2 thoughts on “Dreadful Magic

  1. Andrew Salkeld says:

    Interesting post. I would say this, which i hope will help a little.

    The seeker becomes confused because he/she does not understand the difference between The Path of Spirit and the Path of Soul. The Path of Spirit, is in its essence, the path of inner discipline/striving through meditation and contemplation (on the mat or in the pew, if you like). It is the path of ‘up and through and out’. It’s here that Oneness and Ecstasy is experienced if you are lucky and one in a million! The Path of the Soul, on the other hand, is the inner and downward path, so to speak. This path connects our spiritual nature with our psyche and the very ‘nature of reality’ and with the real job at hand since birth – of thoroughly experiencing in full consciousness – the world and ourselves – by knowing ourselves and by diligently walking our pilgrim path, and thereby experiencing the joys and despair and striving that encompasses a fully lived life. There are no shortcuts in this path. But through this type of striving comes the perfection of the soul, and also finally the numinous experience you talked about – and the perfection of spirit connects with perfection of soul. True alchemy.
    When you have traveled both paths to fullness of your ability, not only are you freed from all existential fear and anxiety – but ecstasy and the numinous become your friend.
    As teachers our job is to encourage the pilgrim along both paths; but also drag the seeker after enlightenment up off the mat and into the world (or he will miss the big event!) and also to encourage the pilgrim of the soul to look heavenward and to spirit as he carries his burden and puts his shoulder to the wheel of the cart of common interest.

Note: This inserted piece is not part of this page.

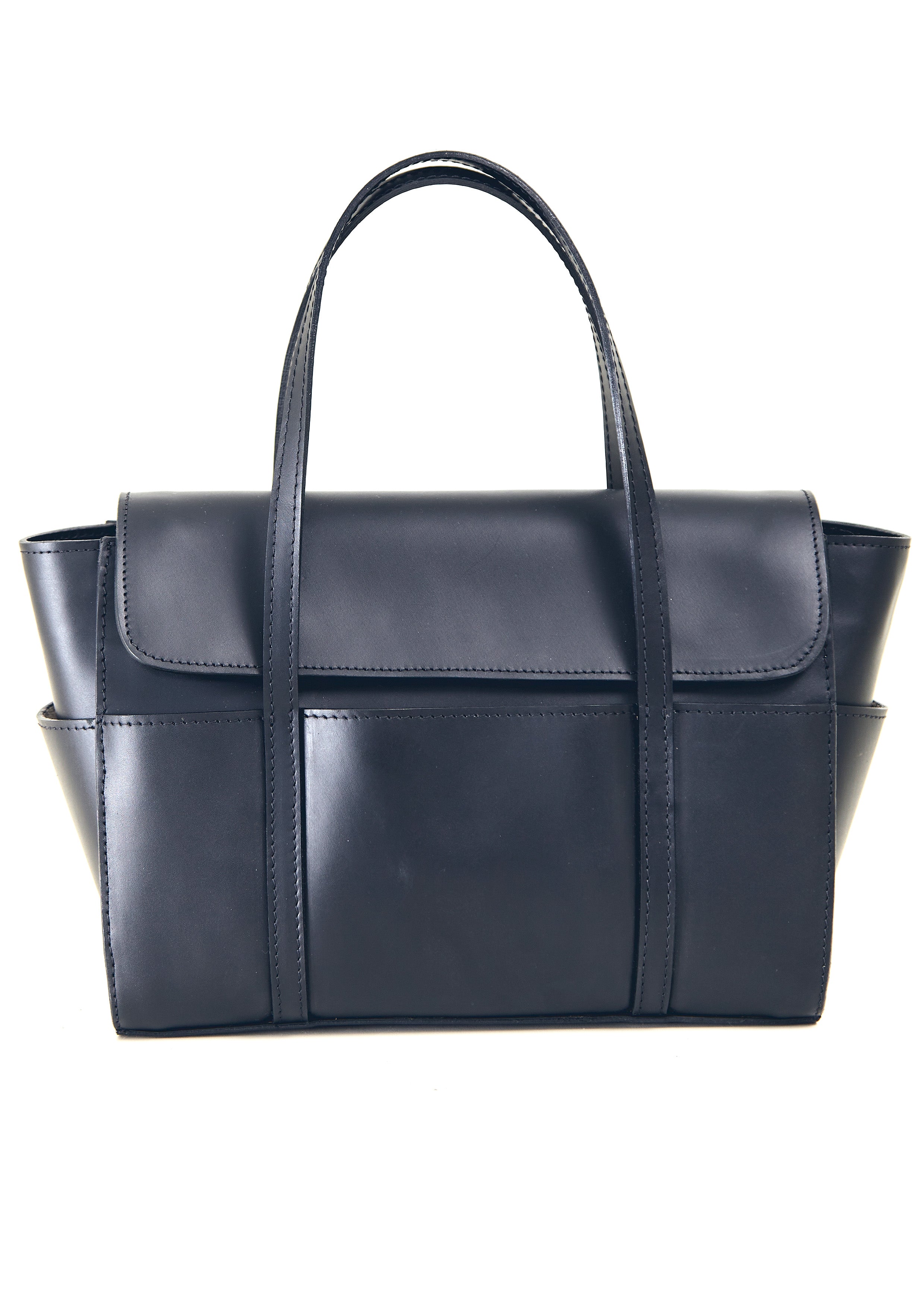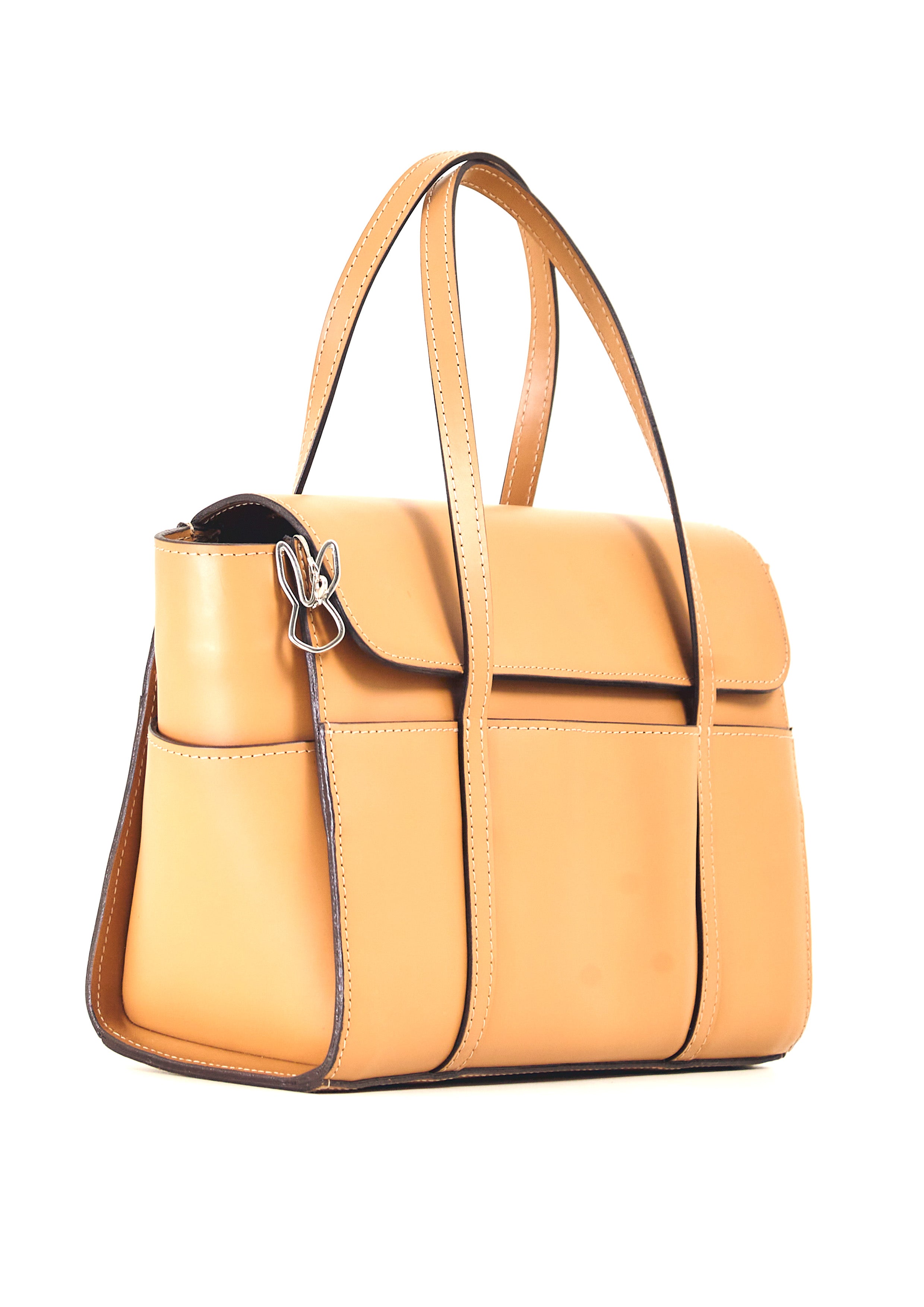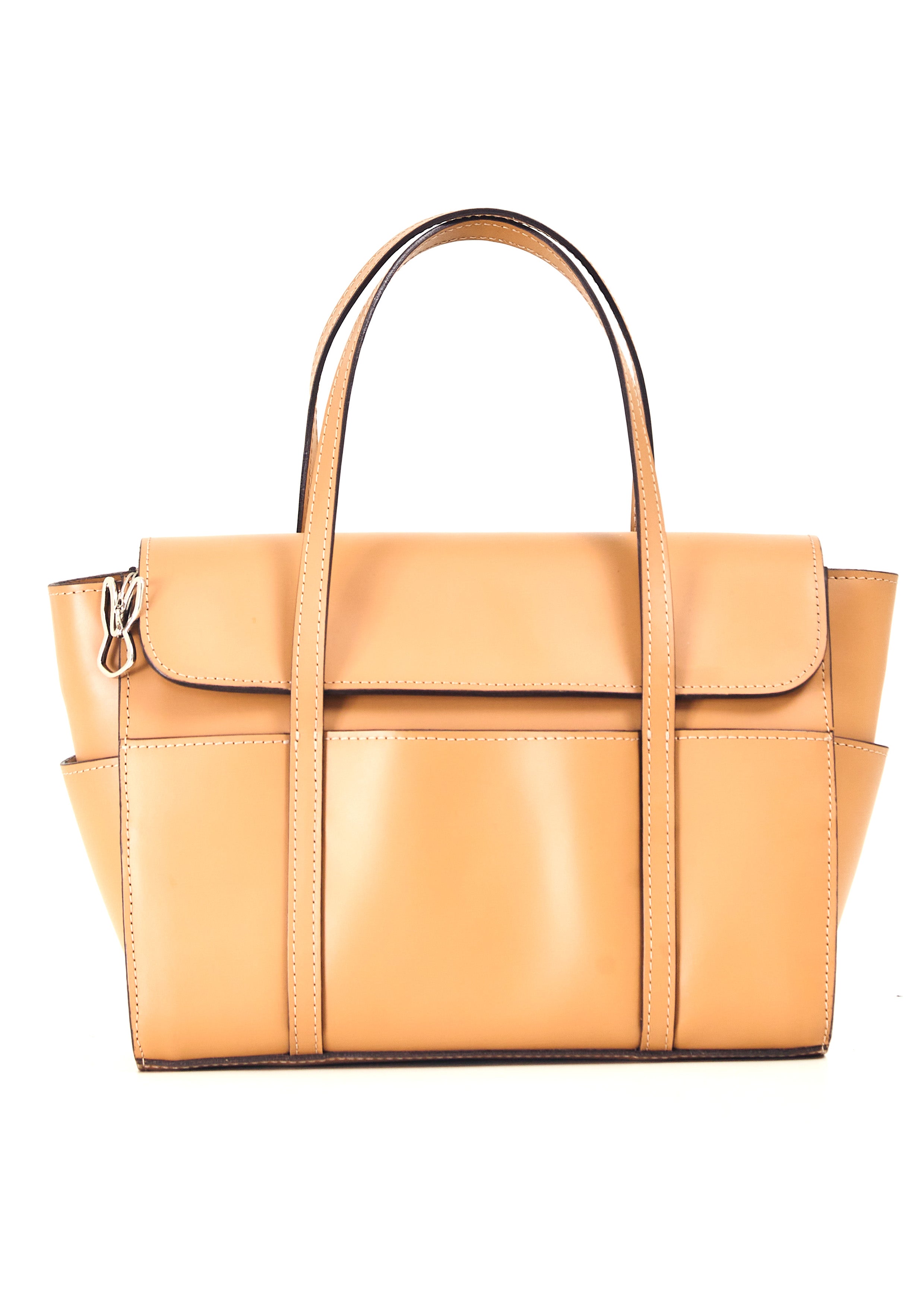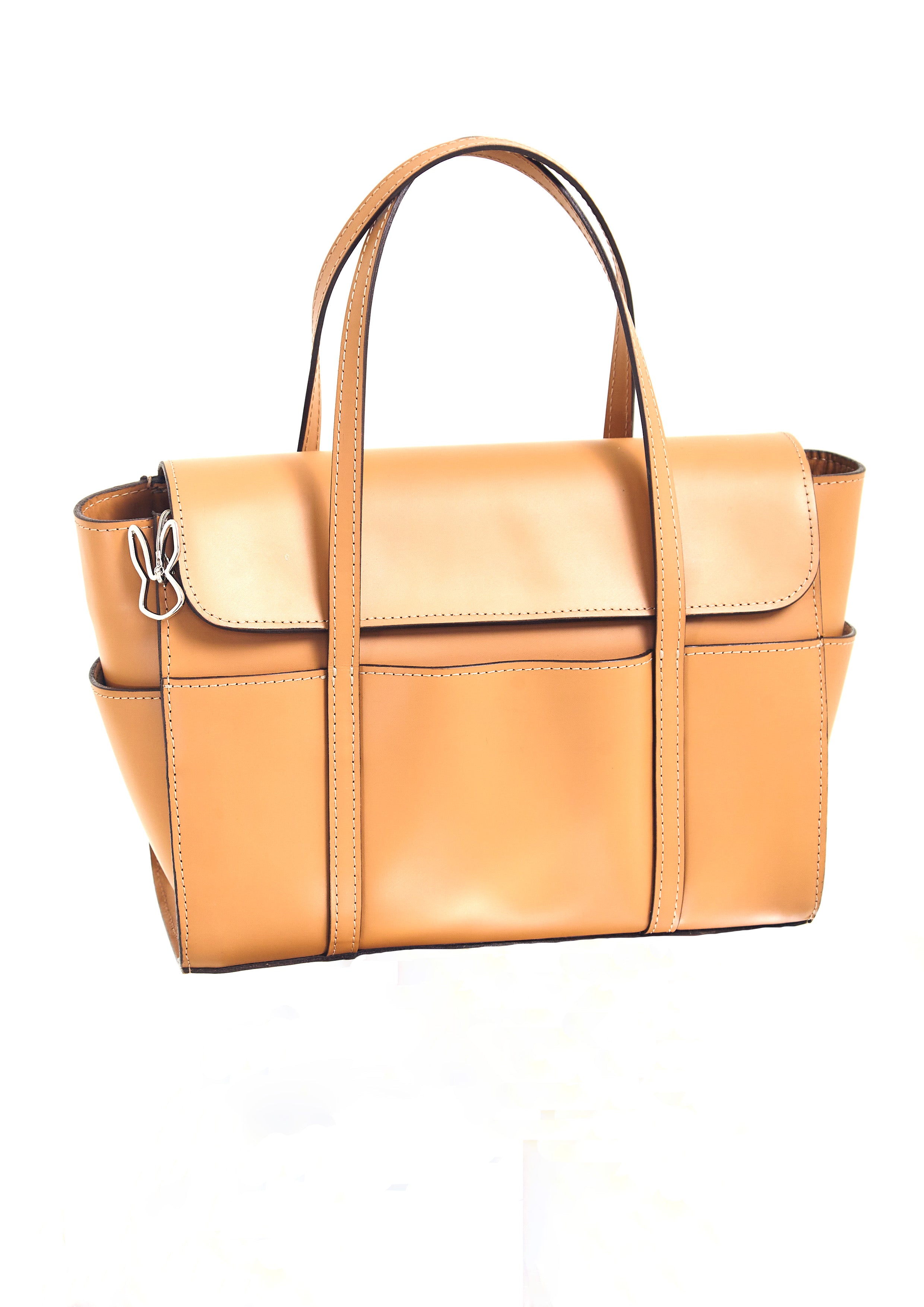 Bolsa de couro pequena, com bolsos externos, alças curtas e aba para fechar.
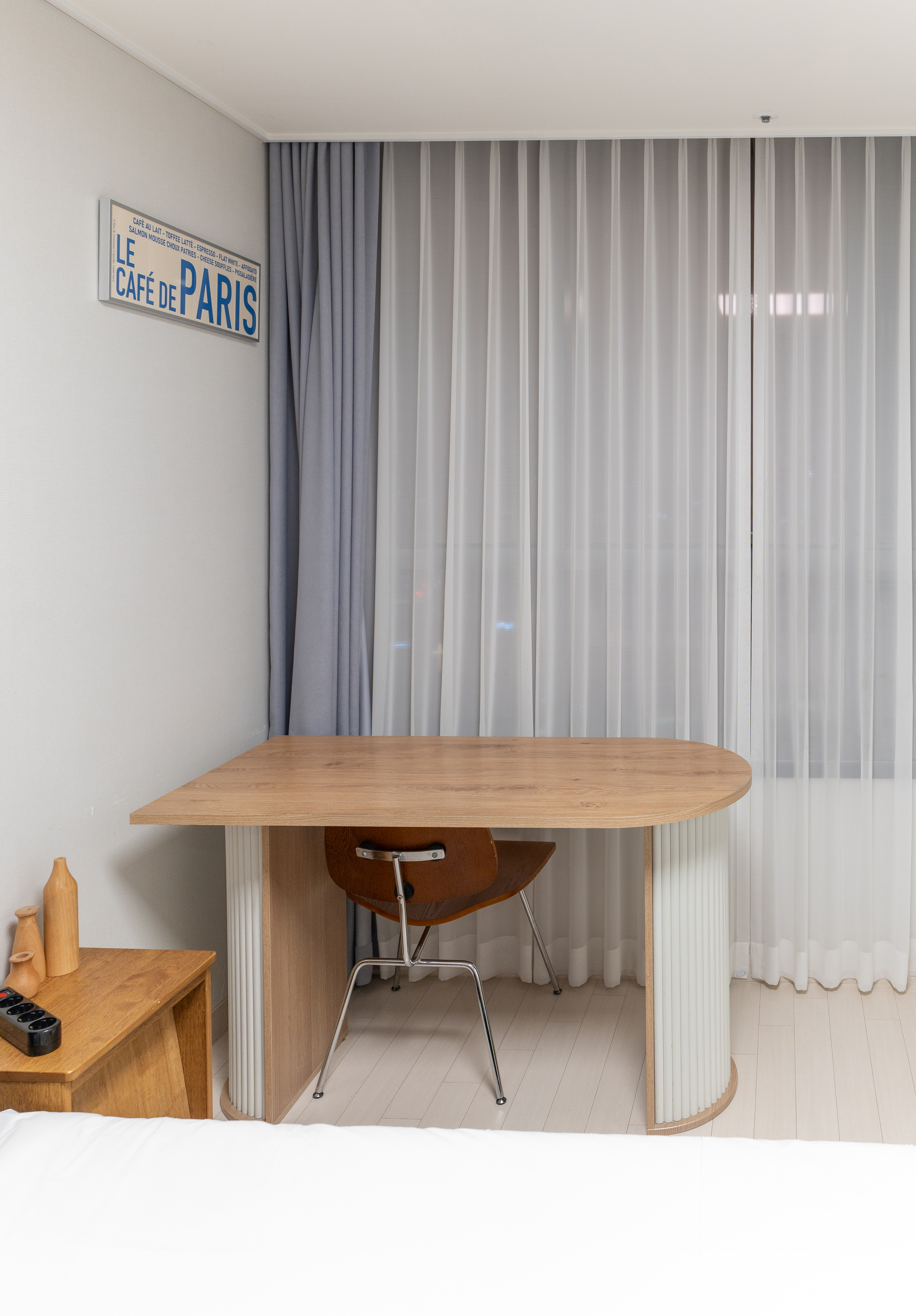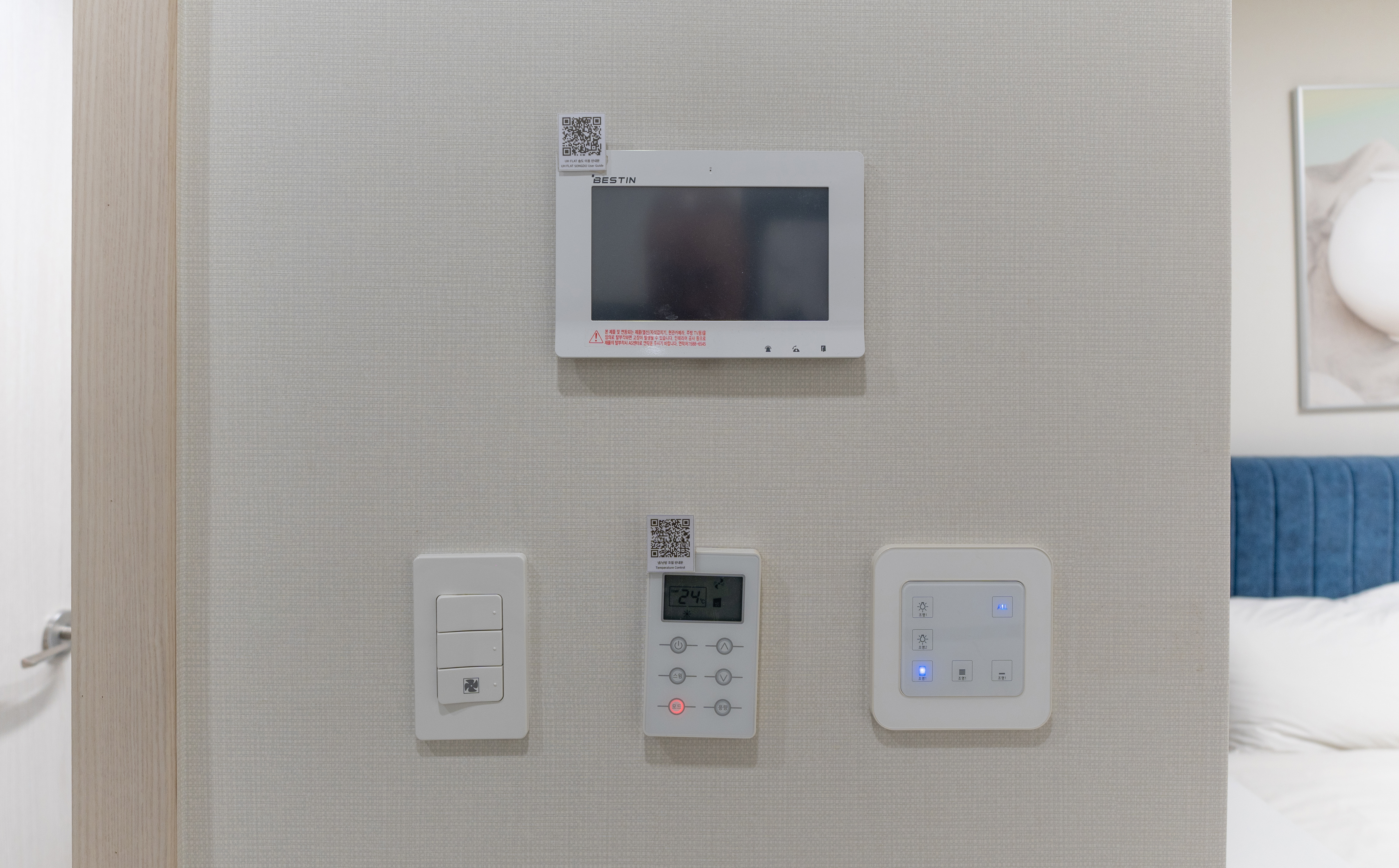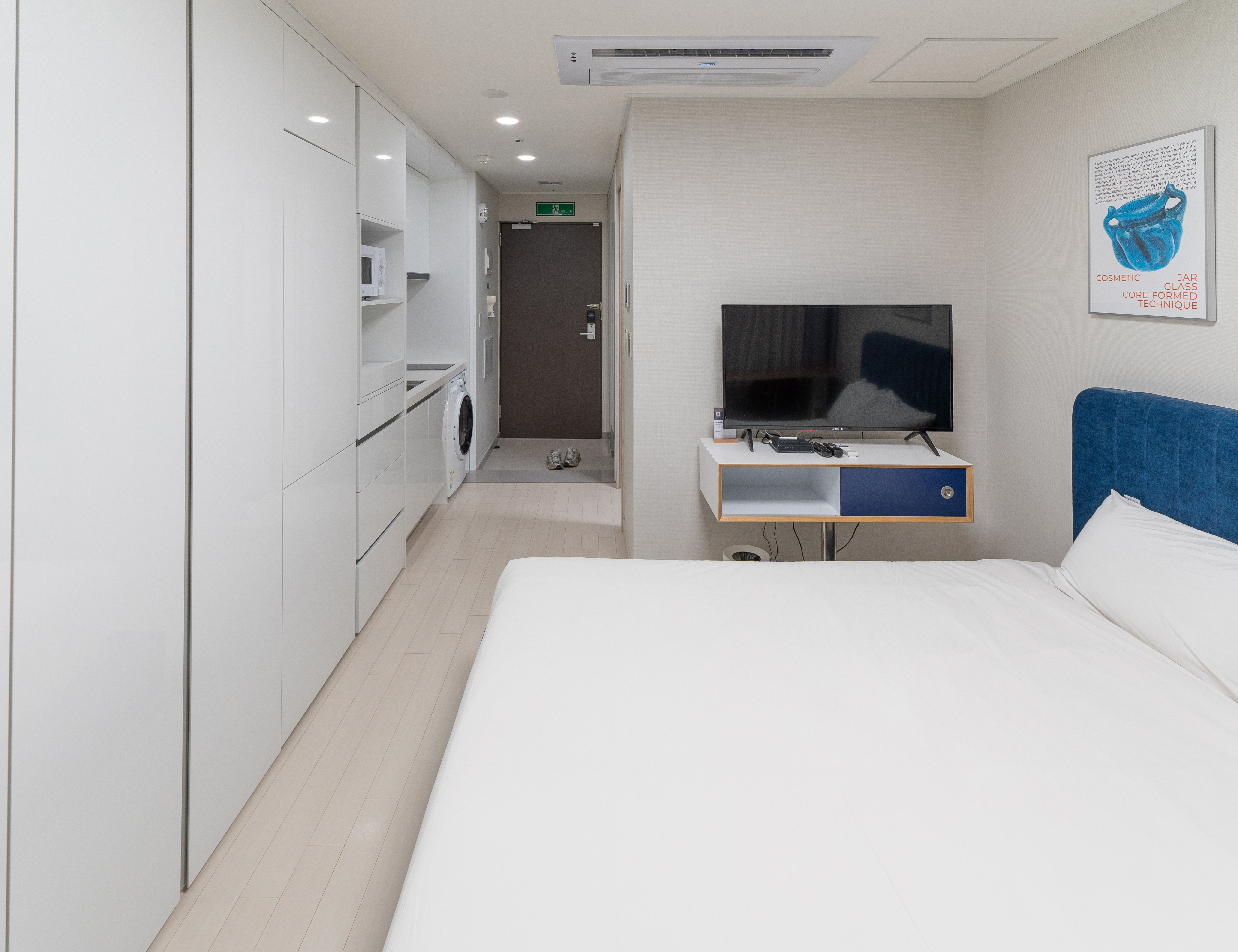 UH FLAT 더송도의 침실의 모습은 위와 같습니다. 이곳은 타 레지던스 대비 살짝 협소한 느낌이 있었지만, 나름 잘 꾸며져 있고, 저 혼자 이용하기에 크게 불편함은 없었습니다. 보통 침대에 누웠을 때 정면에 TV가 설치되어 있는데, 이곳은 이상하게도 침대 옆으로 작은 TV가 놓여있었다는 점이 있었습니다.

    And as for you, dear teacher, your task is to know, as alchemist, that the alchemist is also being transformed into gold, through use of the philosophers stone. Jesus did not die for us so we could pray to him as the only living deity, and as someone out there – but to show us that we can all do the same as he did, just as the alchemist strives to do – making ourselves part of the experiment (total identification) and sacrificing ourselves to become one with the pain and the ecstasy and the truth – the numinous – the ineffable. And then free from questions, fear or doubt – we quietly dissolve into the background and emerge only as Bodhisattva to guide others as necessary. The Alchemy continues.

    Thank you,
    Andrew
    (Forgive typos – my roof is being replaced above my head as i write! Noisy business.)​

    Andrew Salkeld

    salkeldandrew@msn.com
    +1 819 459 4420 (Canada)
    +44 (0) 7716 865452 (UK)

    Find me also at:- Journey of the Soul
    website:- http://www.soulsatisfying.net
    email:- soulsownjourney@gmail.com

    ________________________________

    • zenelf says:

      Thanks for your reply Andrew-I agree that alchemy relies on our dynamic engagement with tension. Change happens generally through pressure and heat!
      I like your image of a movement both upward and downwards-for me there are moments of numinous awareness and bliss but I am also enough of a gnostic to experience the oscillation between such states and a return into the impermanence of everyday existence. At times this movement is a hassle and at others it is a dance I relish in!